- **WHAT YOU ARE ASKED TO DO**: Apart from the pictures, which must be omitted, restate the data exactly.

- **SOURCE MATERIAL**:

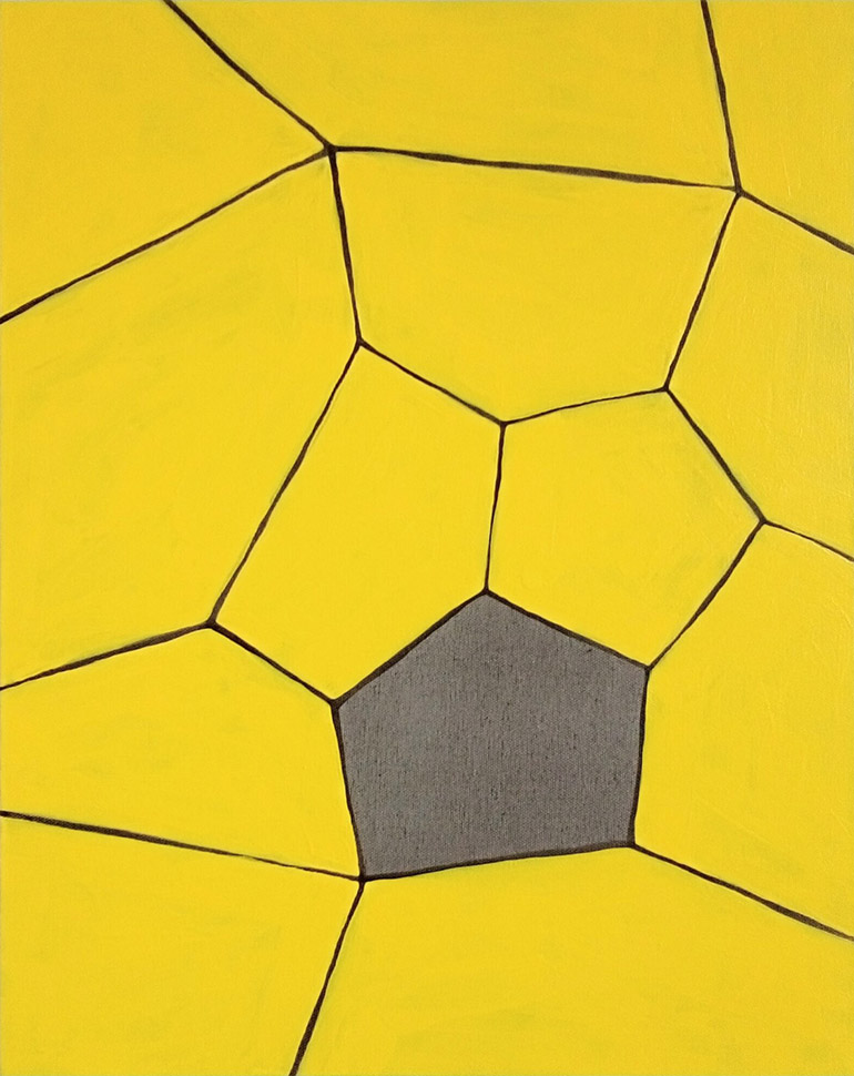 Zurzeit ist ihre Malerei fünfeckig. Manchmal sieht es in ihren Bildern wie ein fünfeckiges Loch aus. Und durch das Loch im Bild sieht man einen Teil von diesem unendlichen Raum. Die fünfeckige Figur ist für Isar etwas Allgemeines. Es könnte ein Mensch, eine Blume, ein Stern oder etwas anderes sein.
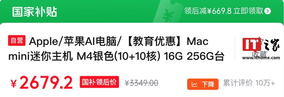 另外本次还支持换新补贴(旧机估值需满 300 元),京东再补贴 300 元,mac mini 折合仅需 2379 元。
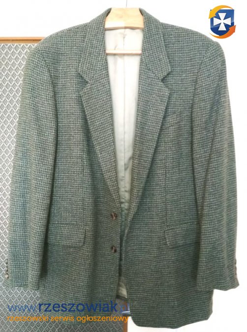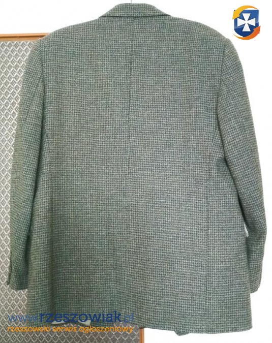 marynarka szaro-zielonkawa, materiał trochę grubszy od zwykłego, cieplejszy, wymiary: długość rękawa od zewnętrznej strony (od ramienia): 65cm , plecy (całe z kołnierzem): 82cm , szerokość w ramionach na płasko: 53cm, szerokość w pasie (na płasko): 55cm, stan bardzo dobry, bez uszkodzeń i plam, sprzedam 15zł

- **ANSWER SECTION**:
 Zurzeit ist ihre Malerei fünfeckig. Manchmal sieht es in ihren Bildern wie ein fünfeckiges Loch aus. Und durch das Loch im Bild sieht man einen Teil von diesem unendlichen Raum. Die fünfeckige Figur ist für Isar etwas Allgemeines. Es könnte ein Mensch, eine Blume, ein Stern oder etwas anderes sein.
 另外本次还支持换新补贴(旧机估值需满 300 元),京东再补贴 300 元,mac mini 折合仅需 2379 元。
 marynarka szaro-zielonkawa, materiał trochę grubszy od zwykłego, cieplejszy, wymiary: długość rękawa od zewnętrznej strony (od ramienia): 65cm , plecy (całe z kołnierzem): 82cm , szerokość w ramionach na płasko: 53cm, szerokość w pasie (na płasko): 55cm, stan bardzo dobry, bez uszkodzeń i plam, sprzedam 15zł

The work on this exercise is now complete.